**Records from a dataset:**
________________
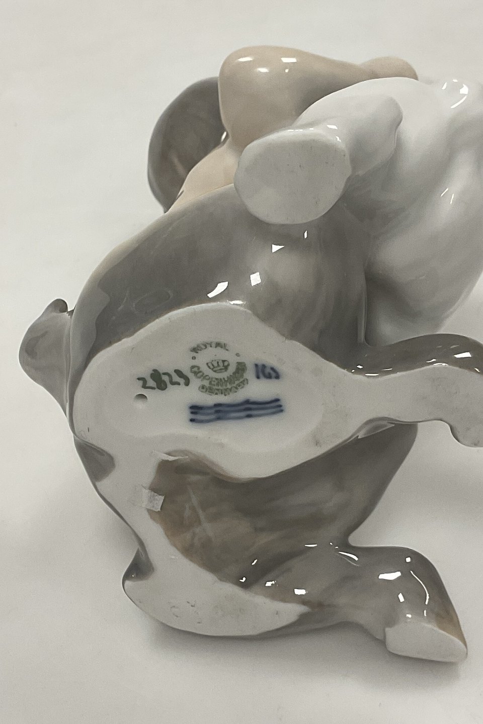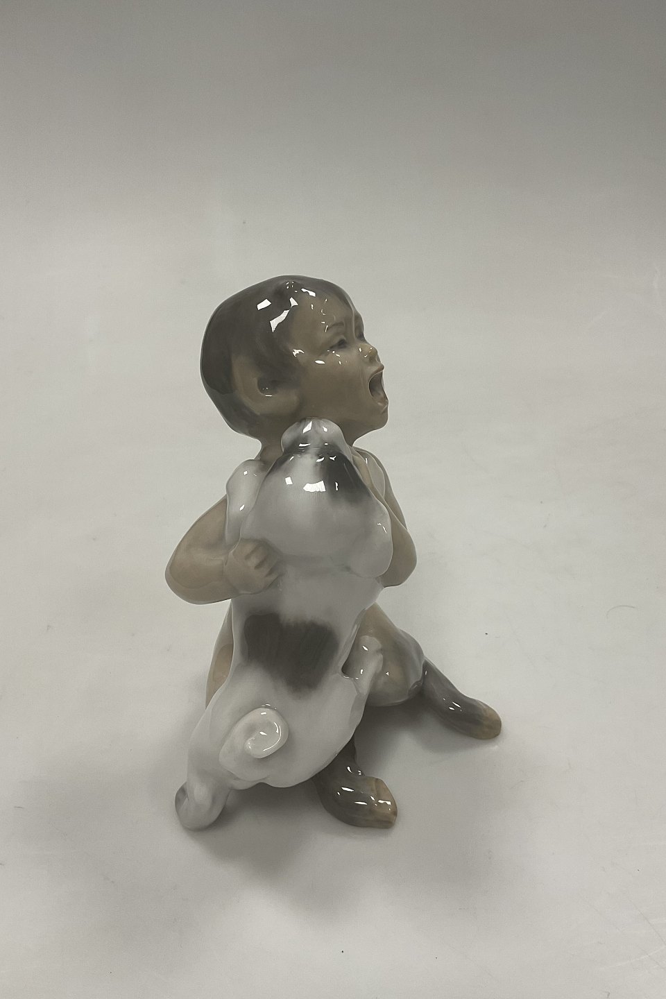 Royal Copenhagen Figurine og Faun with Dog No 2823. 2nd Quality. Measures 14.5 cm / 5 45/64 in.Stock: 1
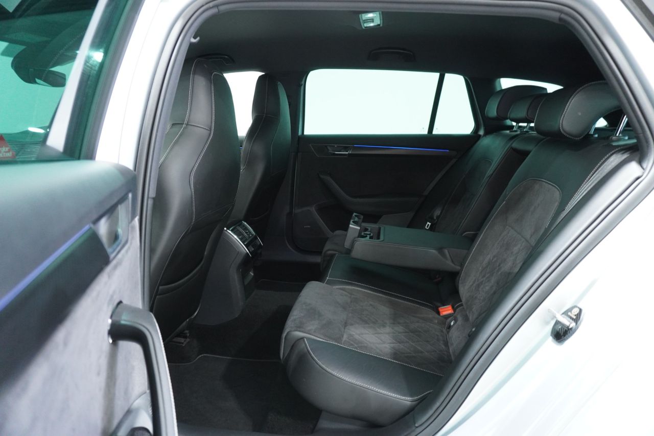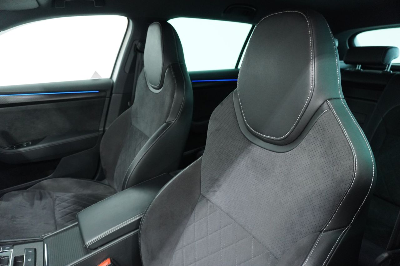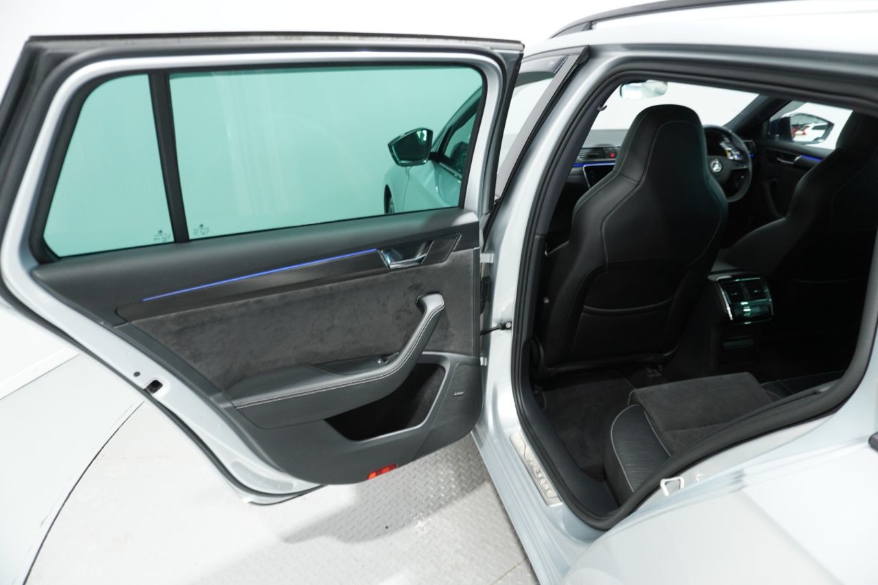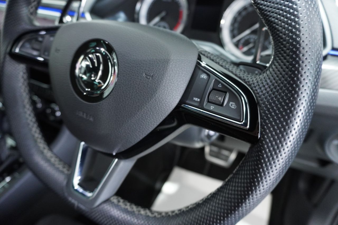 FINISHED IN EYE-CATCHING BRILLIANT SILVER WITH BLACK ALCANTARA & LEATHER-TRIMMED SPORT SEATS, PRIVACY GLASS AND BLACK STYLING PACK, THIS SUPERB SPORTLINE PLUS COMBINES BOLD STYLING WITH EXECUTIVE COMFORT AND FAMILY-FRIENDLY PRACTICALITY. POWERED BY SKODA'S EFFICIENT 1.5-LITRE TSI PETROL ENGINE PRODUCING 150 PS AND MATED TO A SMOOTH DSG AUTOMATIC GEARBOX, THIS SUPERB OFFERS A REFINED AND RESPONSIVE DRIVE—IDEAL FOR MOTORWAY MILES OR URBAN COMMUTING. THE ACTIVE CYLINDER TECHNOLOGY (ACT) HELPS REDUCE FUEL CONSUMPTION WITHOUT SACRIFICING PERFORMANCE.
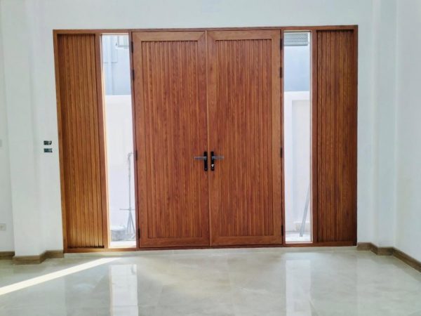 ชุดประตูบานเปิดคู่ทึบแบบลอนพร้อมช่องแสง
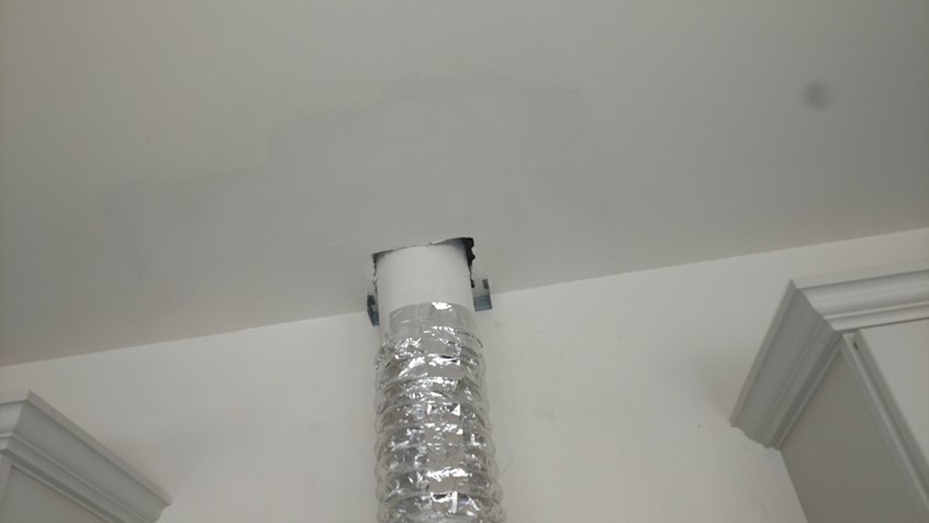 To ensure the duct is correctly sized, refer to the manufacturer’s installation instructions for duct size. The larger the duct, the less it will restrict air flow. Using a duct that is too small for the required air flow will significantly reduce the achieved flow rate. To achieve the rated air flow of the selected fan, the correct duct size is needed. The size recommended by the manufacturer will vary by model and sometimes by exit direction (horizontal or vertical duct). Depending on the exit option selected, an exhaust system may require a round or rectangular duct. For example, a range hood might use a 6-in. round duct or an equivalent 3.25 x 10-in. rectangular duct. Ducts can be transitioned from rectangular to round via connector pieces. Cut openings in the ceiling or wall for the exhaust duct no wider than needed to fit the duct and any needed insulation. An opening that is too small will not allow installation of the duct. An opening that is too large will complicate air sealing measures and may require additional supports.
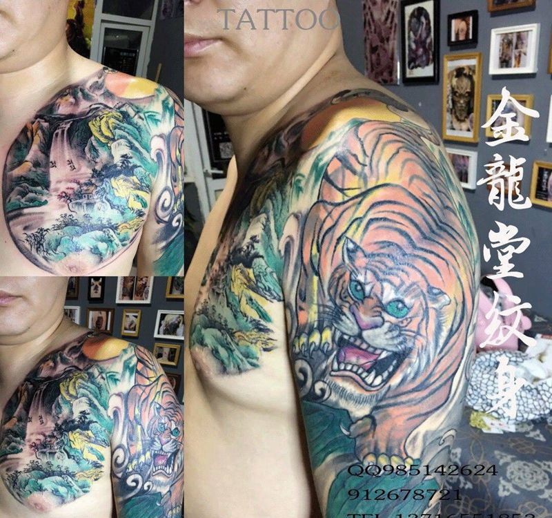 当前位置: 首页 >北京市纹身店-金龙堂纹身纹身图案>修改失败纹身添加纹身图片_成品胸部肩部传统写实动物原创纹身图案
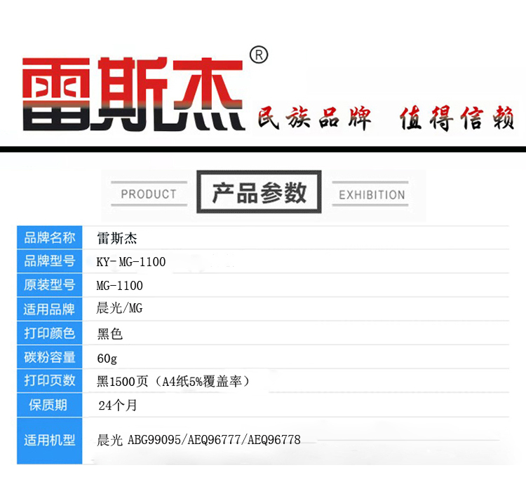 商品名称:雷斯杰 KY-晨光MG-1100 黑色硒鼓 适用晨光:ADG99095/99096/ADG96777/96778
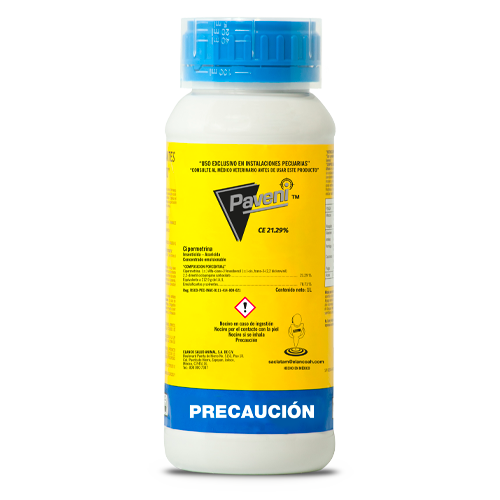 PAVENI es un insecticida-acaricida concentrado emulsionable, formulado a base del ingrediente activo cipermetrina perteneciente a la familia de los piretroides. Es un insecticida sintético, de rápida acción y efecto residual con poder de desalojo y derribe. Está indicado para su uso en instalaciones pecuarias para el control y eliminación de ectoparásitos y plagas domésticas.
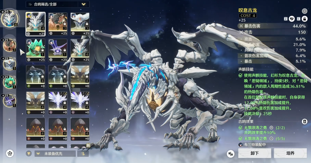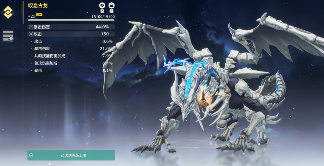叹息古龙通常占据4点COST值,属于高价值的核心声骸位。它的主要属性词条提供了多样化的选择方向,玩家可以根据角色需求,在暴击率、暴击伤害、百分比攻击等输出向属性中进行取舍,以进一步放大角色的优势。其固定的攻击属性作为基底,确保了基础的伤害能力。而在副词条的追求上,进攻类属性如双暴和攻击力自然是优先选项,提升共鸣效率也能帮助角色更频繁地释放关键技能,与套装效果形成联动。
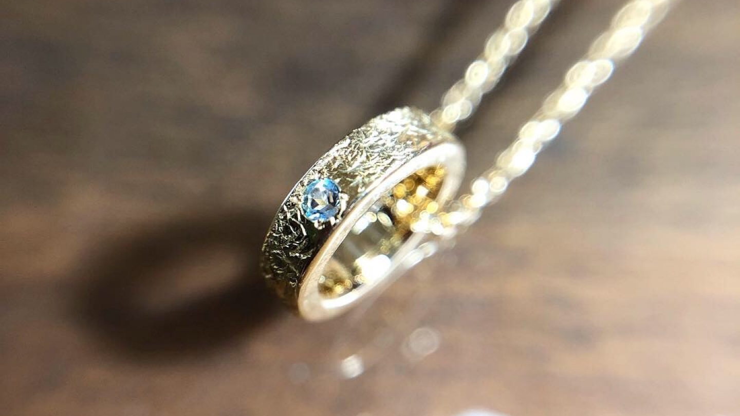 結婚式でのサプライズに花嫁さまへのプレゼントジュエリーをご制作。 一緒に流すムービーの撮影にお友達もご同行されました。 奥様のK18イエローゴールドのベビーリングをお作りいただき誕生石を石留め。 結婚記念日を側面に刻印してペンダントトップに。飽きのこないシンプルなデザインで日常使いしやすく、ずっと使っていただけるジュエリーです。
________________
**Your assignment:** Copy the data word for word, no pictures.

**Answer to this exercise:**
 Royal Copenhagen Figurine og Faun with Dog No 2823. 2nd Quality. Measures 14.5 cm / 5 45/64 in.Stock: 1
 FINISHED IN EYE-CATCHING BRILLIANT SILVER WITH BLACK ALCANTARA & LEATHER-TRIMMED SPORT SEATS, PRIVACY GLASS AND BLACK STYLING PACK, THIS SUPERB SPORTLINE PLUS COMBINES BOLD STYLING WITH EXECUTIVE COMFORT AND FAMILY-FRIENDLY PRACTICALITY. POWERED BY SKODA'S EFFICIENT 1.5-LITRE TSI PETROL ENGINE PRODUCING 150 PS AND MATED TO A SMOOTH DSG AUTOMATIC GEARBOX, THIS SUPERB OFFERS A REFINED AND RESPONSIVE DRIVE—IDEAL FOR MOTORWAY MILES OR URBAN COMMUTING. THE ACTIVE CYLINDER TECHNOLOGY (ACT) HELPS REDUCE FUEL CONSUMPTION WITHOUT SACRIFICING PERFORMANCE.
 ชุดประตูบานเปิดคู่ทึบแบบลอนพร้อมช่องแสง
 To ensure the duct is correctly sized, refer to the manufacturer’s installation instructions for duct size. The larger the duct, the less it will restrict air flow. Using a duct that is too small for the required air flow will significantly reduce the achieved flow rate. To achieve the rated air flow of the selected fan, the correct duct size is needed. The size recommended by the manufacturer will vary by model and sometimes by exit direction (horizontal or vertical duct). Depending on the exit option selected, an exhaust system may require a round or rectangular duct. For example, a range hood might use a 6-in. round duct or an equivalent 3.25 x 10-in. rectangular duct. Ducts can be transitioned from rectangular to round via connector pieces. Cut openings in the ceiling or wall for the exhaust duct no wider than needed to fit the duct and any needed insulation. An opening that is too small will not allow installation of the duct. An opening that is too large will complicate air sealing measures and may require additional supports.
 当前位置: 首页 >北京市纹身店-金龙堂纹身纹身图案>修改失败纹身添加纹身图片_成品胸部肩部传统写实动物原创纹身图案
 商品名称:雷斯杰 KY-晨光MG-1100 黑色硒鼓 适用晨光:ADG99095/99096/ADG96777/96778
 PAVENI es un insecticida-acaricida concentrado emulsionable, formulado a base del ingrediente activo cipermetrina perteneciente a la familia de los piretroides. Es un insecticida sintético, de rápida acción y efecto residual con poder de desalojo y derribe. Está indicado para su uso en instalaciones pecuarias para el control y eliminación de ectoparásitos y plagas domésticas.
叹息古龙通常占据4点COST值,属于高价值的核心声骸位。它的主要属性词条提供了多样化的选择方向,玩家可以根据角色需求,在暴击率、暴击伤害、百分比攻击等输出向属性中进行取舍,以进一步放大角色的优势。其固定的攻击属性作为基底,确保了基础的伤害能力。而在副词条的追求上,进攻类属性如双暴和攻击力自然是优先选项,提升共鸣效率也能帮助角色更频繁地释放关键技能,与套装效果形成联动。
 結婚式でのサプライズに花嫁さまへのプレゼントジュエリーをご制作。 一緒に流すムービーの撮影にお友達もご同行されました。 奥様のK18イエローゴールドのベビーリングをお作りいただき誕生石を石留め。 結婚記念日を側面に刻印してペンダントトップに。飽きのこないシンプルなデザインで日常使いしやすく、ずっと使っていただけるジュエリーです。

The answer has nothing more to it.